HDDS-14816. Add Recon AI Assistant backend foundation with Google Gemini integration by ArafatKhan2198 · Pull Request #9915 · apache/ozone

ArafatKhan2198 · 2026-03-13T08:27:23Z

What changes were proposed in this pull request?

What the Recon AI Chatbot Does (For Context)

The Recon AI Assistant is an intelligent query interface that bridges the gap between natural language and Recon's complex REST APIs. Instead of requiring administrators to memorize API endpoints and manually parse JSON payloads, the chatbot acts as an autonomous agent.

Example Scenario:
User Question: > "How many datanodes are unhealthy?"

The Traditional Workflow:

Administrator identifies the correct API endpoint (/containers/unhealthy or /datanodes).
Administrator executes a curl command.
Administrator manually parses the returned JSON payload.
Administrator aggregates the data to find the answer.

The New Chatbot Workflow:

The user asks the question in plain English via the Recon UI or Chatbot API.
The Chatbot Agent leverages the LLMDispatcher to consult the AI model.
The AI autonomously selects the correct internal Recon API based on the system guide and executes it.
The backend synthesizes the resulting JSON and returns a concise, human-readable summary back to the user.

Recon AI Chatbot: Backend Architecture Guide - https://docs.google.com/document/d/1jyYZz0llKwN7lexJzVRjxfzl1Iwdbx8dABwLXGzAajQ/edit?tab=t.0

What is the link to the Apache JIRA

https://issues.apache.org/jira/browse/HDDS-14816

How was this patch tested?

Here is what you can add to the "How was this patch tested?" section of your PR description.

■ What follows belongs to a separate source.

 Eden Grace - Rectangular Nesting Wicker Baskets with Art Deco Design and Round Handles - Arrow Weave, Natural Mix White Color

I have formatted it to clearly show the testing methodology, the script you used to verify the multi-model routing, and the configuration instructions needed for reviewers to reproduce it!

How was this patch tested?

This patch was tested by configuring all three supported AI providers (Google Gemini, OpenAI, and Anthropic) via Docker configuration, and programmatically looping through 9 different AI models to verify that the LLMDispatcher correctly routes natural language queries to the appropriate provider without requiring the user to specify it.

1. Configuration Setup

To test this locally, reviewers can configure their API keys by adding the following properties to their docker-config file:

# Set the desired default provider (optional, defaults to gemini)
OZONE-SITE.XML_ozone.recon.chatbot.provider=gemini

# Provider API Keys
OZONE-SITE.XML_ozone.recon.chatbot.gemini.api.key=YOUR_GEMINI_API_KEY
OZONE-SITE.XML_ozone.recon.chatbot.openai.api.key=YOUR_OPENAI_API_KEY
OZONE-SITE.XML_ozone.recon.chatbot.anthropic.api.key=YOUR_CLAUDE_API_KEY

2. API Verification Script

A shell script was used to hit the Chatbot REST API (/api/v1/chatbot/chat), iterating through a predefined list of models to ensure proxying worked seamlessly across all client implementations.

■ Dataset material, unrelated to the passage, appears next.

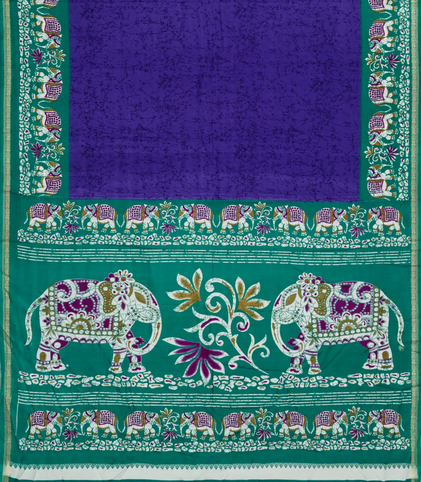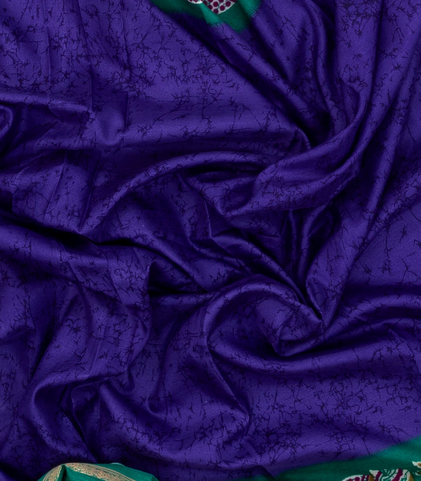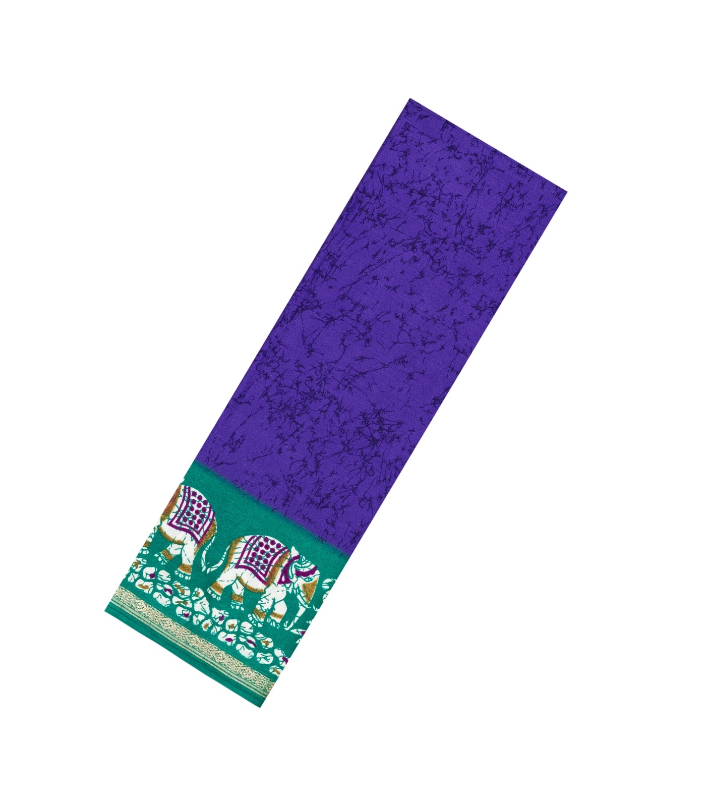 This synthetic dupion saree is filled with printed abstract motifs in purple body along with contrast border and pallu

for model in "gemini-2.5-pro" "gemini-2.5-flash" "gemini-3-flash-preview" "gemini-3.1-pro-preview" "gpt-4.1" "gpt-4.1-mini" "gpt-4.1-nano" "claude-opus-4-6" "claude-sonnet-4-6"; do
  echo "=================================================="
  echo "🧪 Testing Model: $model"
  echo "=================================================="

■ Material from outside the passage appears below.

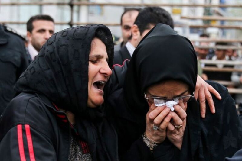 Kobra, whose son Bilal was convicted of murdering Abdollah Hosseinzadeh, embraces Abdollah's mother Samereh Alinejad after she pardoned the murderer. The last-minute pardon occurred just before Bilal was to be executed in public on Tuesday in the northern city of Nour, Iran. Image via ISNA, Arash Khamoushi/AP.

  curl -s -X POST http://localhost:9888/api/v1/chatbot/chat \
    -H "Content-Type: application/json" \
    -d '{
      "query": "Give me all the information there is about the current state of the cluster",      
      "model": "'"$model"'"
    }' | jq

  echo -e "\n"
done

Attached are the test results after evaluating each provider model by asking a question and recording its response - testingChatBot.txt

3. Test Results

Routing Validation: The LLMDispatcher successfully identified the intended provider based solely on the requested model name string (e.g., routing gpt-4.1 to the OpenAIClient, and gemini-2.5-flash to the GeminiClient).
Tool Execution Validation: All tested models successfully reasoned over the updated recon-api-guide.md, selected the correct Recon backend API endpoint (/clusterState), executed the API call internally, and summarized the JSON payload back into natural English.
Error Handling Validation: The dispatcher correctly identified and gracefully handled missing configuration errors when attempting to route to Anthropic models (claude-opus-4-6, claude-sonnet-4-6) without an API key present, returning expected JSON errors: {"error": "No API key configured for provider 'anthropic'."}

…ini integration.

devmadhuu

@ArafatKhan2198 thanks for the patch, few comments at a high level in initial review. Please check.

Also one observation as per output you mentioned in PR description, various models output for same question: "Give me all the information there is about the current state of the cluster", I can see some wrong answers even. E.g. for gemini-3-flash-preview, it says that "All 12 internal Recon tasks are functioning correctly". Not sure from where the model got 12 tasks. This is surely it is hallucinating.

devmadhuu · 2026-03-17T14:28:24Z

hadoop-ozone/recon/src/main/java/org/apache/hadoop/ozone/recon/chatbot/agent/ChatbotAgent.java

+  /**
+   * Set per-request by processQuery; used to inject provider hint.
+   */
+  private volatile String currentProvider;


If this is per request provider, then this volatile global field can create race condition for 2 concurrent request. ChatbotAgent is a Singleton class and if this field is mutated per request in processQuery(), then two threads will race on this field. volatile prevents visibility issues but not atomicity across a request's full lifecycle.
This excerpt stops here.